O Supremo Tribunal Federal (STF) determinou que os deputados Mário Frias (PL-SP), Bia Kicis (PL-DF) e Marcos Pollon (PL-MT) apresentem explicações, no prazo de cinco dias, sobre a destinação de R$ 2,6 milhões em emendas parlamentares do tipo Pix a uma organização não governamental ligada à produção de um filme sobre o ex-presidente Jair Bolsonaro (PL).

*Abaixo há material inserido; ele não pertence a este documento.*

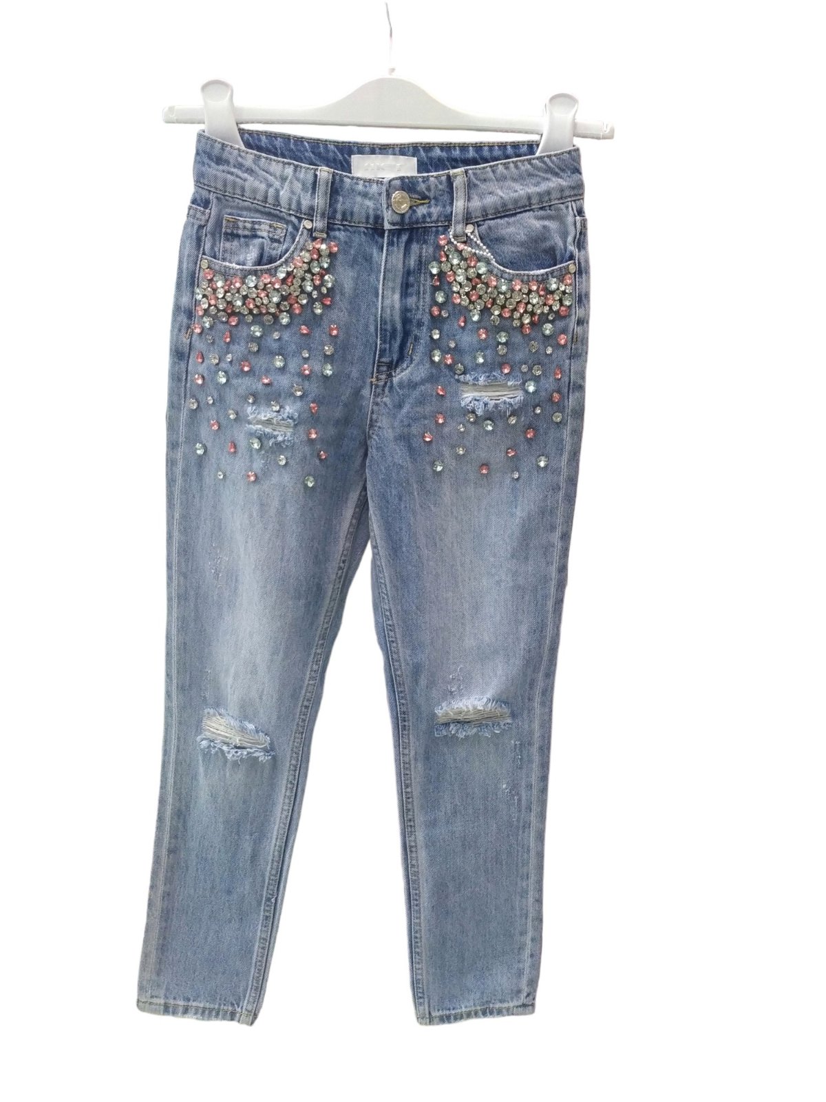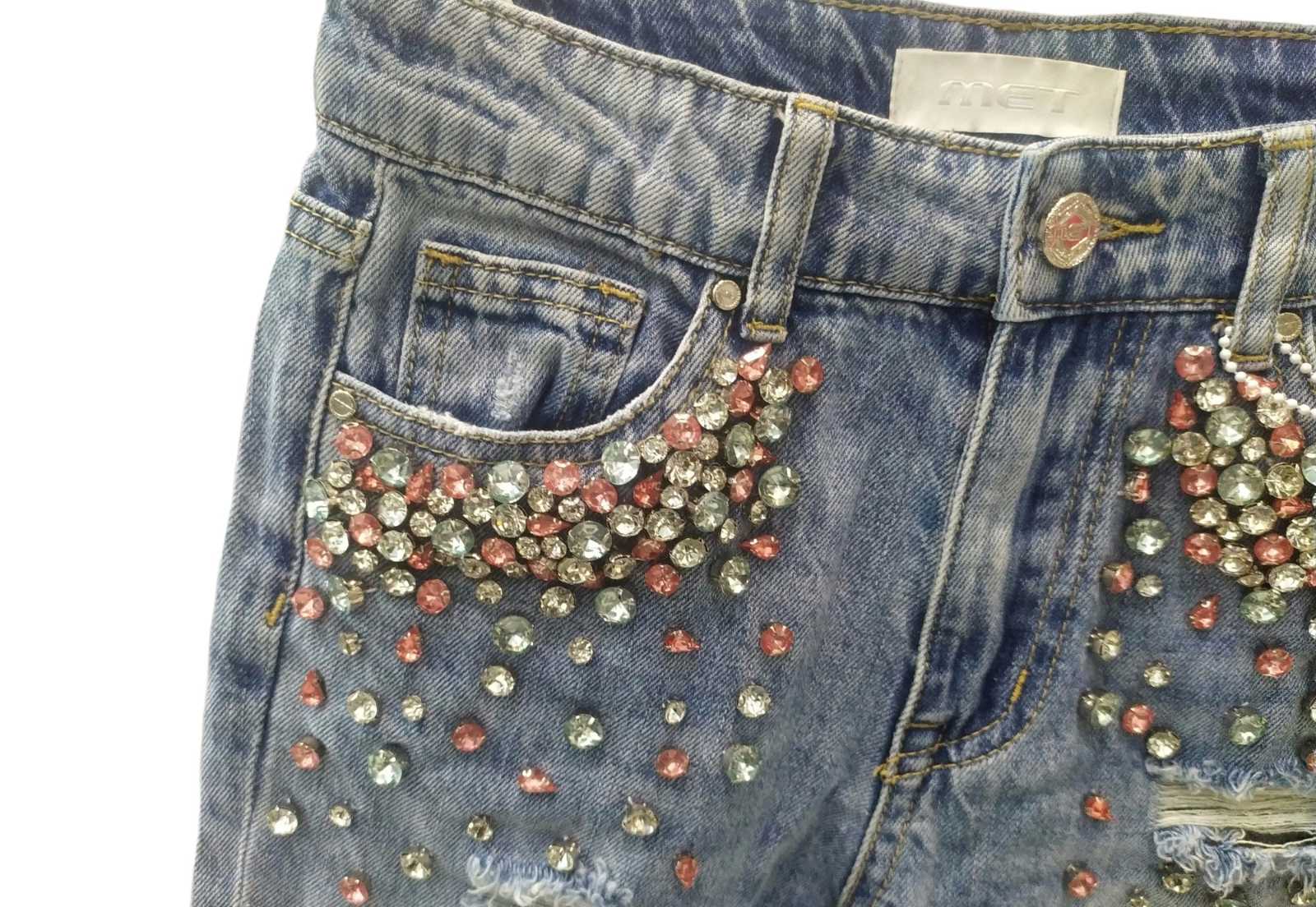 Τζιν παντελόνι της εταιρείας MET σε στενή γραμμή, στολισμένο με διακοσμητικές χρωματιστές πέτρες και φθορές, σκίσιμο στα γόνατα.

A decisão foi proferida na segunda-feira (23/03/2026) pelo ministro Flávio Dino, relator da ação.
A medida ocorre no âmbito da Arguição de Descumprimento de Preceito Fundamental (ADPF) 854, que trata da transparência e rastreabilidade das transferências especiais do Orçamento da União.
Além dos parlamentares, o ministro determinou que a Câmara dos Deputados se manifeste sobre o caso, com o objetivo de esclarecer os critérios de destinação dos recursos.
Destinação de emendas e ligação com produção audiovisual
De acordo com os autos, os três deputados destinaram recursos, por meio das chamadas emendas Pix, a uma ONG presidida por pessoa vinculada à produtora responsável pelo filme “Dark Horse”, que aborda a trajetória política de Jair Bolsonaro.
A decisão judicial foi motivada por petição apresentada pela deputada Tabata Amaral (PSB-SP), que solicitou a apuração sobre a possível utilização dos recursos públicos no financiamento da produção audiovisual.
O relator busca esclarecer se houve desvio de finalidade na aplicação das emendas parlamentares, bem como identificar o destino final dos valores transferidos.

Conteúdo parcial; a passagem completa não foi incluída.